> Exercise details
Your response should contain every line from the data below that holds the string "with".

> Material supplied
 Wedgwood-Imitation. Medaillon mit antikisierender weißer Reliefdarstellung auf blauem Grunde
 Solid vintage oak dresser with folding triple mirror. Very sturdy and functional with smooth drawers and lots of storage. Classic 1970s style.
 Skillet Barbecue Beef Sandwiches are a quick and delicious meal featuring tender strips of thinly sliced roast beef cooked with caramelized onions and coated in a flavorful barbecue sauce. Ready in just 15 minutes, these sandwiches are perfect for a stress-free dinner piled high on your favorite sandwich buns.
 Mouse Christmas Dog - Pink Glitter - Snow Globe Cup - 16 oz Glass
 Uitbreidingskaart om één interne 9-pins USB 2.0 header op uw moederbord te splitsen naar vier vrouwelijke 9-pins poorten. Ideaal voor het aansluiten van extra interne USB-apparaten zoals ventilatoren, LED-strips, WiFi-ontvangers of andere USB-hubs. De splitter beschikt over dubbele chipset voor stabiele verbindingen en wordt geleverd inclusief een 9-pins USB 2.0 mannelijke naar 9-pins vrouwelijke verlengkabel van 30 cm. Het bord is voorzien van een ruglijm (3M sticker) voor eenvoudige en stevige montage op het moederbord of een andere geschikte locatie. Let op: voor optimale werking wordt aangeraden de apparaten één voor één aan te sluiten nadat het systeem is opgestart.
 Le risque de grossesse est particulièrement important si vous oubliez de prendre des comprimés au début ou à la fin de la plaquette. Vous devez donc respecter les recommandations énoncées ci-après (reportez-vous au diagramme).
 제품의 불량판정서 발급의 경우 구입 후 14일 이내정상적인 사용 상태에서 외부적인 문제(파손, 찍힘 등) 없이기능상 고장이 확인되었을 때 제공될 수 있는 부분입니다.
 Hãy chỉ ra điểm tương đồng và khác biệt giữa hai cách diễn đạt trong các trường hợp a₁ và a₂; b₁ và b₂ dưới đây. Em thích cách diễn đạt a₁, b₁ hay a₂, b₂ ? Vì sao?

> Written solution
 Solid vintage oak dresser with folding triple mirror. Very sturdy and functional with smooth drawers and lots of storage. Classic 1970s style.
 Skillet Barbecue Beef Sandwiches are a quick and delicious meal featuring tender strips of thinly sliced roast beef cooked with caramelized onions and coated in a flavorful barbecue sauce. Ready in just 15 minutes, these sandwiches are perfect for a stress-free dinner piled high on your favorite sandwich buns.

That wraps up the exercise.